Crypto Academy / S5W3- Homework Post for @reminiscence01"

in hive-108451 •  3 years ago  (edited)

reminiscence01 week 3.png

Hey guys,

I welcome you'll to the 2nd week of the SteemitCryptoAcademy course by Professor @reminiscence01. In this course, I will run a comprehensive review of Trends Part 2.

All images used in this post unless otherwise stated are not mine and were extracted from [MT5](www.metatrader
5.com) and Tradingview for the purpose of this assignment.

Untitled-902.gif

Question One

Explain your Understanding of Trend Reversal

Trend Reversal

Having an in-depth knowledge of when to go long or short in a trending market will always go a long way in ensuring we don’t lose money as traders as well as entry-level that set up due to price action.

Trends in a simple term mean a period in which the market moves in a particular direction for a long extent of time. This however does not mean that trends will always last for long.

This is so since the market is bound to see bearish, bullish, and consolidating moves forming all as a result of active buyers and sellers trying to push the market into an uptrend or a downtrend.

However, this major push most times does always cause a major change, significantly affecting the overall movement of the market thereby leading to a trend reversal.

Understanding reversals and all that it comprises will always give you an understanding of trend movements and therefore aid in ensuring you leave the market as at when due.

An example of a trend reversal from a downtrend to an uptrend can be seen in the chart below.

image.png

We tend to see price action in the bearish move forming more successive lower highs (LH) and lower lows (LL). By this, we expect the market to continue in the trend in a bid to ascertain its downward move.

However, on getting to a certain point in the market, there was a major pullback which turned the price around and then continued with a bullish move which now form more subsequent higher highs (HH) and higher lows (HL).

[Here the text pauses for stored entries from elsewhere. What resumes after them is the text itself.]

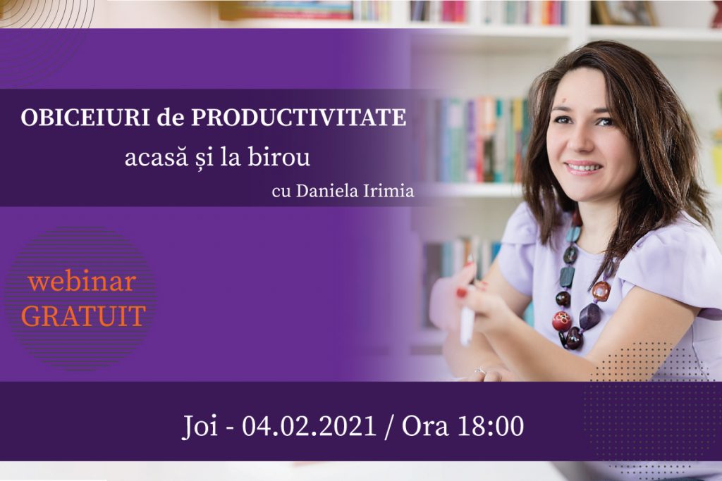 Înscrie-te la Webinarul gratuit “Obiceiuri de productivitate acasă și la birou” ce va avea loc în data de 4 februarie 2021, de la ora 18:00, unde alături de Daniela Irimia, trainer certificat și consultant, vom înțelege care sunt principiile productivității, cum să ne organizăm timpul și activitatea astfel încât obiectivele pe care ni le propunem să devină realitate.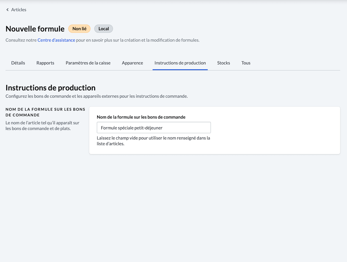 Cette section permet de gérer les instructions de production sur les bons de commande et les appareils externes. Saisissez un nom de formule qui apparaîtra sur les bons de commande, ou laissez le champ vide pour utiliser le nom renseigné dans la liste d’articles.
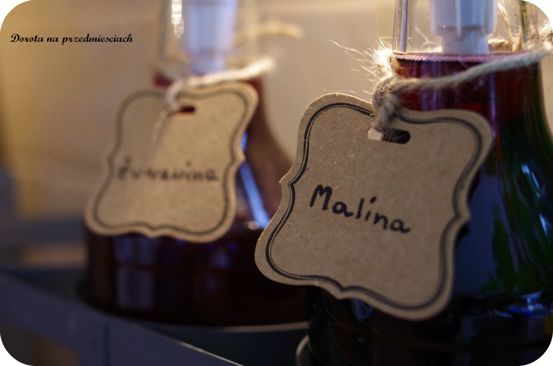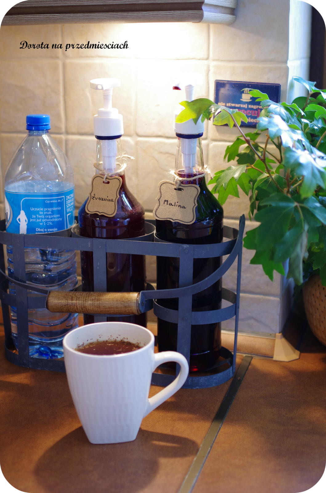 Uwielbiam herbatkę z sokiem malinowym :))Fajny pomysł z tymi dozownikami , a stojak na butelki super :))

Trend reversal cannot be significantly defined or determined unless traders watch out for certain signals or patterns. This nonetheless means as a price action trader, you will be doing an extra layer of work in ensuring that you are well familiar with different reversal patterns that do form on your chart.

  • Price Action Reversal Patterns

Reversal patterns are quite efficient in indicating or giving out early clues whenever a movement either bullish or bearish is coming to an end.

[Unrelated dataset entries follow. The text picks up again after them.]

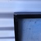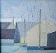 Struktureret oliemaleri på plade med motiv af huse monteret i sortmalet træramme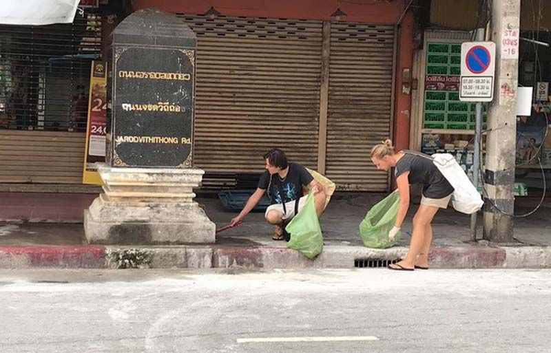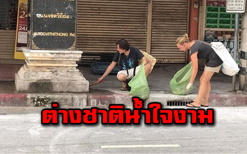 โลกออนไลน์แห่ชื่นชม 2 นักท่องเที่ยวต่างชาติเดินหิ้วถุงช่วยเก็บขยะ หลังจบสงกรานต์ถนนข้าวตอกสุโขทัย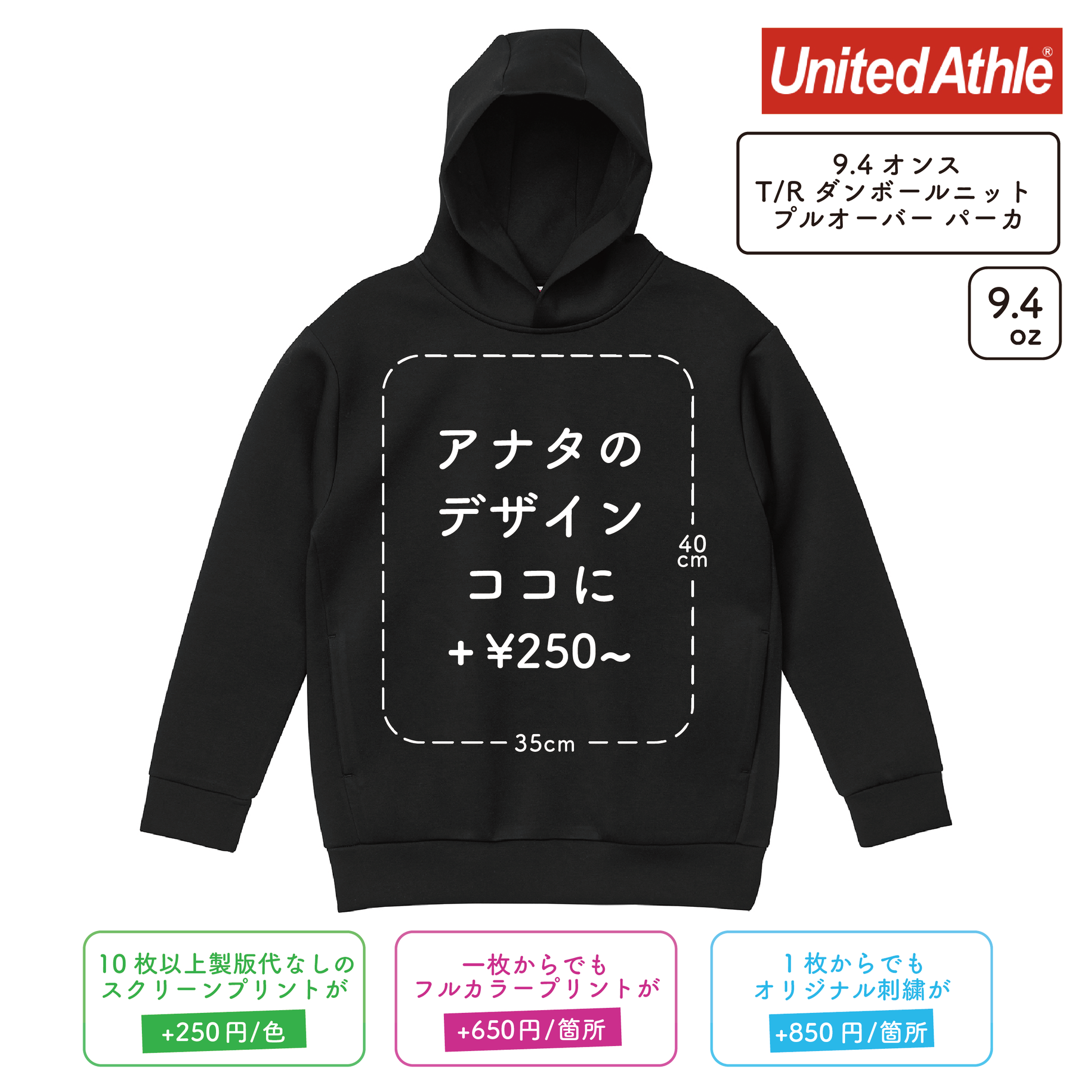 ・1箇所1色につき250円でプリント致します。

Normally, trading reversals can be easily read through the market structure. Take a bearish trend for example in the chart placed below.

image.png

It can be seen that the market was unable to create a new lower high and then resulted in power being transferred from the sellers to the buyers. This created a break in market structure which before the pullback had more successive lower highs and lower lows.

This knowledge can however help traders be well educated of when to leave a bearish activity, confirm if there is a reversal or just a false pullback and then enter based on analysis of the market movement.

Yet, being informed of these alone cannot sufficiently guarantee a reversal sometimes as there is always more to trading in the financial market.

Your understanding of certain reversal patterns coupled with good technical analysis can enable you to take profits off trades and leave the market when reversals are bound to occur while also setting up for a new entry-level.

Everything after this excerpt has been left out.